Cosa ci aspetterà durante questo mese di dicembre? Ovviamente molto dipenderà dall'evoluzione e dagli annunci legati ai vaccini contro il Covid19: vedremo nelle prossime settimane se vi saranno novità di rilievo, ma non sarà facilissimo (affrettare i tempi potrebbe essere controproducente anche per le ditte produttrici, sopratutto se vi sono delle controindicazioni non ancora emerse...).

Quello che invece è certo, sono le solite pulizie di fine anno,  dove i gestori tenteranno nel limite del possibile di eliminare i cadaveri nei loro depositi e cercando nel contempo di abbellire le performances: queste azioni di window dressing solitamente non hanno grandi effetti,  ma sappiamo che possono generare alcuni movimenti erratici difficilmente prevedibili.

Sarà invece interessante vedere come si comporteranno i grandi investitori istituzionali (casse pensione, fondi, ecc) che verosimilmente dovranno ribilanciare i loro portafogli e limare la quota azionaria, che grazie agli aumenti degli ultimi mesi, sarà sicuramente in esubero rispetto al loro benckmark. Una "limatina" alle quote che sono nelle disponibilità di questi soggetti,  significa comunque tanta roba e qualche effetto sulle quotazioni lo avrà di certo.



Negli ultimi giorni comunque le borse, soprattutto quella svizzera, non è che ci facciano impazzire: l'assenza di stimoli economici (quelli EU bloccati da Polonia e Ungheria; quelli USA dobbiamo aspettare Biden...) sta generando uno spostamento laterale ancora più evidente del solito: in buona sostanza stiamo camminando sul posto ed il nostro lavoro per il momento si limita al controllo: siamo alla ricerca di eventuali segnali di divergenza che potrebbero anticipare una presa di profitto più corposa del consentito. Per il momento non ve ne sono, fatto salvo un leggero ma costante declino dell'oscillatore RSI che se continua potrebbe suggerirci un'eventuale uscita anticipata.




Oggi abbiamo avuto l'ennesima dimostrazione che resuscitare l'inflazione (nel grafico quella europea) è una quasi mission impossible... Si aspettavano un leggero rialzo, invece siamo ulteriormente scesi. Mettiamoci l'anima in pace e pensiamo ai tassi che per il momento resteranno a lungo a questi livelli (e forse anche meno!)


Certo che la dinamica inflattiva non aiuta l'oro che da qualche settimana non se la passa benissimo: avevamo previsto un'escursione sotto i 1800 dollari per oncia e ci siamo.

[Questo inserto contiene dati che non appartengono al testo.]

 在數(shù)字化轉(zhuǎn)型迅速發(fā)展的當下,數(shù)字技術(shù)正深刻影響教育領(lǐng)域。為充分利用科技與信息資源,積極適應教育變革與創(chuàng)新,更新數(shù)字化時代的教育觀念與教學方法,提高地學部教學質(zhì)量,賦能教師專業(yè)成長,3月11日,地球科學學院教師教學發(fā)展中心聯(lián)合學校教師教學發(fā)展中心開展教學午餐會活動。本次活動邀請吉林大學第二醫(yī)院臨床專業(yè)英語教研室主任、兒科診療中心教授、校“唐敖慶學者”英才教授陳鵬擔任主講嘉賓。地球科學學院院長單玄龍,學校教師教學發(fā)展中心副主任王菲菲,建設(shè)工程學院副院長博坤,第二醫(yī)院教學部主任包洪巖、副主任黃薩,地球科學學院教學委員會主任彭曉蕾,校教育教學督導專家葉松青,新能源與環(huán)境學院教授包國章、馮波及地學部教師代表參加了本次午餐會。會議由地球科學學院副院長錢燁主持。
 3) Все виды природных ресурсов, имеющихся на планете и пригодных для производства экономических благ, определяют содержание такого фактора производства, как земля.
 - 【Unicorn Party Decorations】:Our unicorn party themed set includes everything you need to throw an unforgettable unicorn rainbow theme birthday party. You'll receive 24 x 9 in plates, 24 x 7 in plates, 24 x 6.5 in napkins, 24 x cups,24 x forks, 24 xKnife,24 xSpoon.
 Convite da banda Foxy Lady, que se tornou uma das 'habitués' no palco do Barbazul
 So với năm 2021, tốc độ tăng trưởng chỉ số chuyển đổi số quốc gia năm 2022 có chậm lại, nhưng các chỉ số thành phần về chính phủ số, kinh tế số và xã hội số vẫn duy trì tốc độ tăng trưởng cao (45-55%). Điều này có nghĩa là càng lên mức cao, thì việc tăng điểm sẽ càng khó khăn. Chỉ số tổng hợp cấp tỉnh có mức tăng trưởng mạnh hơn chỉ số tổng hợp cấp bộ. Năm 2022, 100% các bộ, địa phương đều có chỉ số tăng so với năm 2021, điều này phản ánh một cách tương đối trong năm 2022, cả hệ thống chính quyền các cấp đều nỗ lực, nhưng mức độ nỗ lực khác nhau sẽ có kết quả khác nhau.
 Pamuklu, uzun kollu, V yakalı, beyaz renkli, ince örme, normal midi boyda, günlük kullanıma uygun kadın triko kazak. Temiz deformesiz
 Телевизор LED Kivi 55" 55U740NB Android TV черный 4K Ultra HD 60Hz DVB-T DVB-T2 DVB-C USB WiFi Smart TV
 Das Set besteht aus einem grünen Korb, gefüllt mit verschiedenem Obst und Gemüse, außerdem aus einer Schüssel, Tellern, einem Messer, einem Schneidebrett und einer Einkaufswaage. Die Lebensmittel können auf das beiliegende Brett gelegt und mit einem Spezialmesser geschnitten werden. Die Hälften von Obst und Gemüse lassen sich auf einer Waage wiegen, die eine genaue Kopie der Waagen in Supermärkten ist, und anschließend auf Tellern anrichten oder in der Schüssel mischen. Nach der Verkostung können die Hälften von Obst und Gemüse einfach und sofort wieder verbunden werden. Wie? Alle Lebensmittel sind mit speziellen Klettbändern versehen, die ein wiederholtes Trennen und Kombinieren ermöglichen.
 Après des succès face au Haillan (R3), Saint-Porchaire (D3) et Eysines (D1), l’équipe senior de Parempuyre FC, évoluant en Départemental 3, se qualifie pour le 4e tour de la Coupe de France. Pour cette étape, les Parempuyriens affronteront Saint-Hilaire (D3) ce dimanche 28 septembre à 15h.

Sta comunque già risalendo perché, a parte l'ipervenduto, l'oro rimane sempre un buon antidoto contro i tassi negativi.

Euro-chf in questi giorni è roba per i trader sulle valute: si muove parecchio ma comunque il suo obiettivo dovrebbe essere 1.09 e anche oltre...

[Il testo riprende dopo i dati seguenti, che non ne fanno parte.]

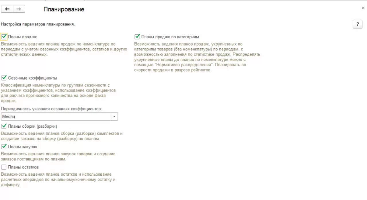 Настройка в системе параметров планирования включает в себя возможности ведения планов продаж по номенклатуре и без номенклатуры (укрупненно по категориям товаров), с учетом сезонных коэффициентов, заполнение документов планирования запасов по статистическим данным, а также ведение планов сборки (разборки) комплектов, планов закупки товаров для создания по планам заказов поставщикам.
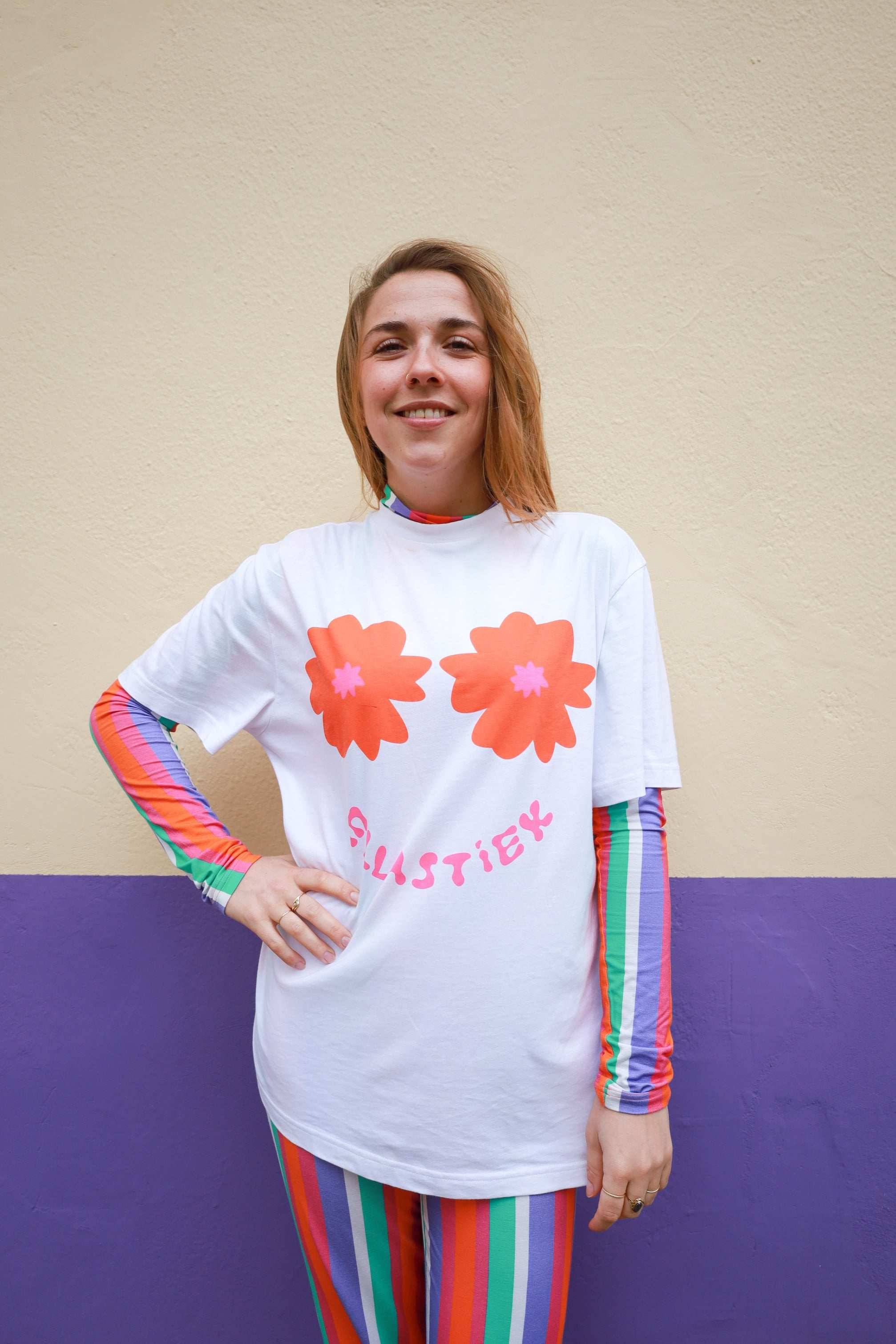 This oversized T-shirt is made from 100% organic cotton. The fabric is soft and slightly stretchy, offering a comfortable fit and effortless everyday style. Perfect for dancing at festivals, or just easy to wear everyday!
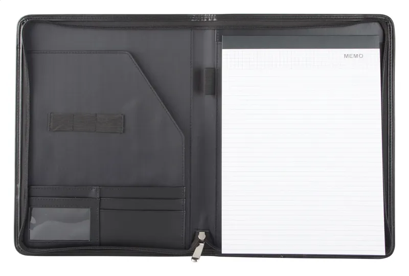 A4-es, cipzáras PU bőr iratmappa 20 lapos vonalas jegyzetfüzettel, jegyzettartó, névjegytartó és tolltartó résszel.
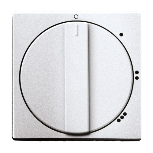 Busch Jaeger centraalplaat met draaigreep, met opdruk. Uitgevoerd in de kleur aluzilver.
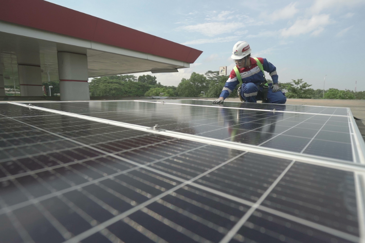 Pekerja Pertamina sedang melakukan pemasangan solar photo voltaic. (DOK. Pertamina)
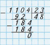 184 : 23 = 8. Пишу 8 в частном.
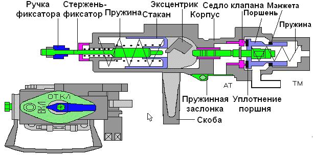 Механический узел включает в себя эксцентрик, жёстко связанный со скобой двумя болтами, а так же стакан с возвратными пружинами и стержень-фиксатор с пружинами и ручкой.
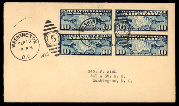 7205 cover C7 imageAirmail, 1926, 10¢ Map & Planes (Scott C7), First Day Cover, Very Fine.
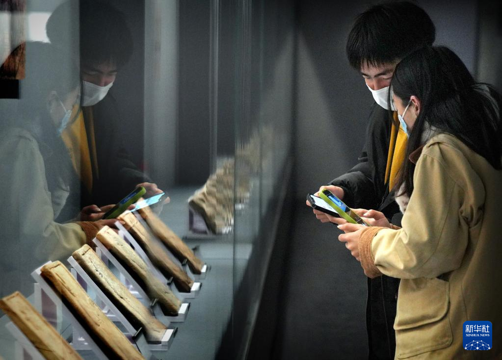 观众在郑州大象陶瓷博物馆观看展品(3月1日摄)。
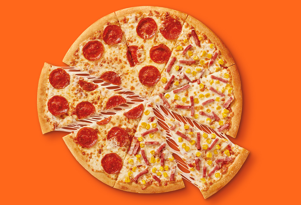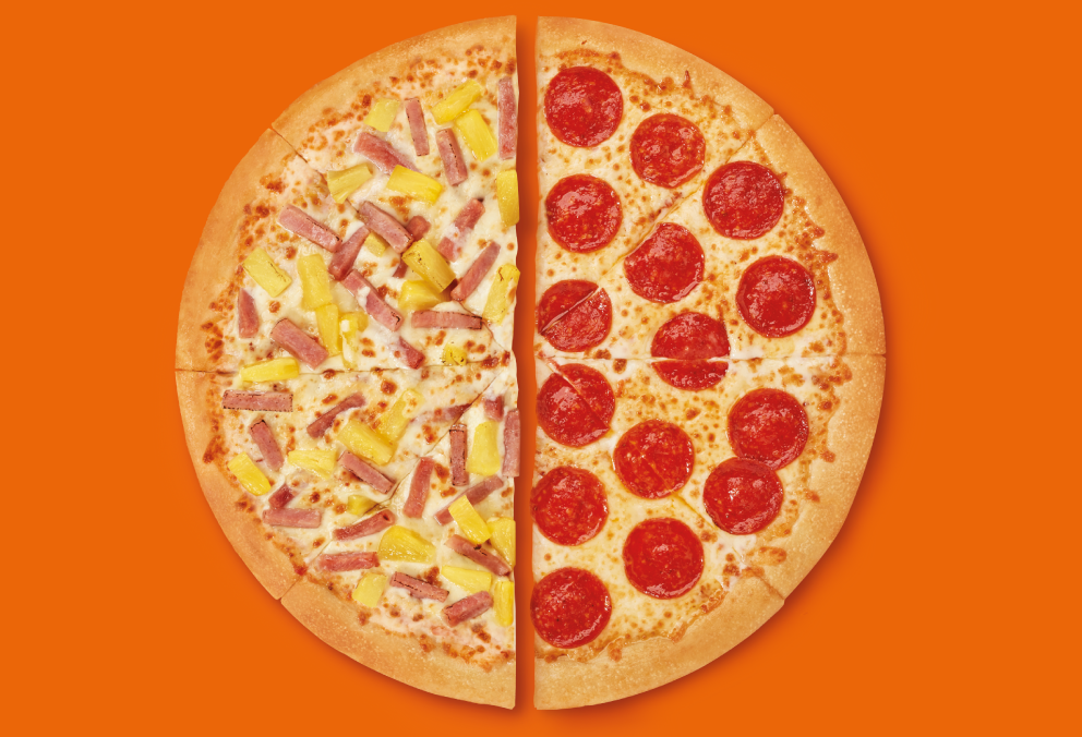 Pizza grande de 8 porciones con base de salsa de tomates y queso, la combinación perfecta en una pizza: mitad Hula Hawaiian y mitad Pepperoni. No se puede personalizar o agregar ingredientes adicionales

Anche euro/usd è ben intonato: fa fatica a superare 1.1970 ma se lo dovesse fare con convinzione andare oltre 1.20 è cosa fatta...

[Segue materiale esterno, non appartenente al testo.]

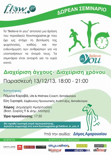 Ο λόγος για το σεμινάριο με θέμα «Διαχείριση Χρόνου-Διαχείριση Άγχους» το οποίο ανήκει στον κύκλο δωρεάν σεμιναρίων «Believe in you» που είναι ανοιχτά για το ευρύ κοινό και αποτελεί το τέταρτο σεμινάριο κατά σειρά. Ο κύκλος των σεμιναρίων αυτών είναι μια πρωτοβουλία του ηλεκτρονικού περιοδικού Flowmagazine.gr με την υποστήριξη του Δήμου Αμαρουσίου.Το σεμινάριο που θα πραγματοποιηθεί στις 13/12 έχει σκοπό να παρουσιάσει τις αιτίες της κακής διαχείρισης χρόνου, τρόπους και συμβουλές για να γίνουμε πιο οργανωμένοι, ενώ μας εξηγεί ποιοι είναι οι παράγοντες του άγχους και πώς μας επηρεάζει.
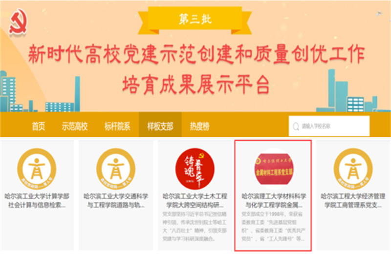 学院金属材料工程党支部荣获第三批“全国党建样板支部”荣誉称号
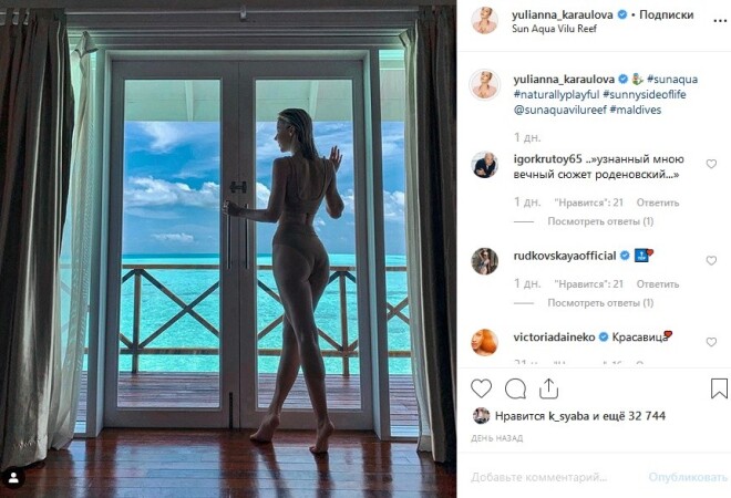 Певица Юлианна Караулова наслаждается отдыхом на Мальдивах. Девушка хорошо проводит время и публикует с курорта пикантные снимки.
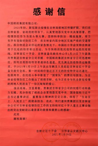 面對疫情,吉林郵政高度重視,堅決按照黨中央決策部署和集團公司工作安排,全面動員,全面統籌,全面協調工作,把人民群眾生命安全和身體健康放在第一位,加大防控力度,切實抓緊抓細抓實各項工作。特別是在吉林省內部分地區實施嚴格的交通管控、部分物流企業停運的緊急情況下,吉林郵政主動作為,積極與吉林省紅十字會溝通,緊急開通抗疫物資運輸綠色通道,義務運送抗疫物資。
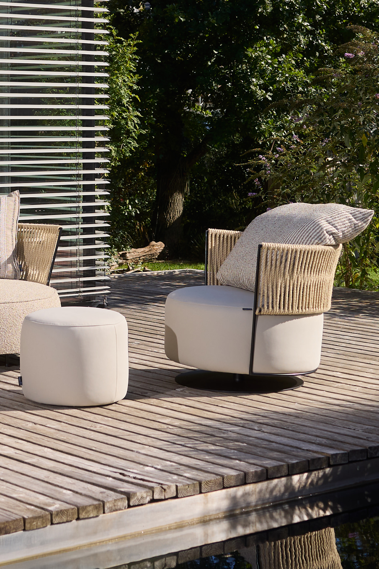 FOREVER YOUNG. SWIVEL ROCKING CHAIR. CRAFTSMANSHIP. EXCEPTIONAL AESTHETICS. COMFORTABLE SEAT CUSHION WITH CASUALLY INSERTED BACK CUSHION. 360° SWIVEL FUNCTION. LARGE CHOICE OF COVERS. UNIQUE PIECE PRODUCTION.

Stiamo prendendo visione dei report dedicati al 2021: ve ne renderemo conto nei prossimi post. Una prima velocissima impressione: non ci saranno cambiamenti di rilievo nei trend già oggi in essere, almeno per i prossimi 5/6 mesi... (cigni neri permettendo!)



 

domenica 29 novembre 2020

Newtonian Europe

Durante il week end abbiamo letto poco di interessante fino ad ora, ma dobbiamo ammettere che questo articolo dell'Economist sintetizza efficacemente quello che sta accadeno in seno alla EU e francamente non ci lascia completamente tranquilli.  Far risorgere l'Europa dopo la pandemia sarà un'operazione da funamboli! 


The Economist, 26 novembre 2020 

Polonia e Ungheria si godono una lezione di fisica per gentile concessione dell'UE

Le leggi di Newton si applicano anche alla politica

L'inerzia è la prima legge di moto di Isaac Newton. "Ogni corpo persevera nel suo stato di riposo, o di moto uniforme in una linea retta, a meno che non sia costretto a cambiare quello stato da forze impresse su di esso", scrisse Newton nel 1687. È anche la prima legge dell'Ue: le cose rimangono così come sono, finché una forza abbastanza grande non le spinge a cambiare. La pandemia di covide-19 e la recessione che ne è seguita hanno dato al blocco una spinta onnipotente. Durante l'estate i leader dell'Ue hanno accettato di emettere per la prima volta un debito collettivo su larga scala, per un ammontare di 750 miliardi di euro (890 miliardi di dollari). Dopo cinque giorni di colloqui, tutti i 27 capi di governo hanno concordato che chiunque spenda denaro dell'Ue dovrà rispettare una qualche forma di "stato di diritto".

L'Ungheria e la Polonia stanno imparando a fondo la fisica introduttiva: una volta che le cose si mettono in moto, è difficile fermarle. I due paesi si sono uniti tardivamente per cercare di far saltare il progetto, sostenendo che il meccanismo dello stato di diritto si spinge troppo in là. Hanno motivo di temere un giro di vite. Entrambi i governi hanno calpestato le norme democratiche negli ultimi anni, calpestando i giudici, ostacolando i giornalisti e usando lo Stato per imbrigliare i rivali. L'Ungheria e la Polonia possono fare ben poco per impedire che le nuove regole entrino in vigore, poiché possono essere approvate a maggioranza qualificata. Hanno invece posto il veto su altre politiche. Entrambe si sono rifiutate di approvare il budget dell'Ue, che vale circa 1 trilione di euro di spesa in sette anni, e hanno negato il permesso all'Ue di procedere con l'erogazione del fondo di recupero di 750 miliardi di euro, fino a quando lo schema delle regole di legge non sarà annacquato.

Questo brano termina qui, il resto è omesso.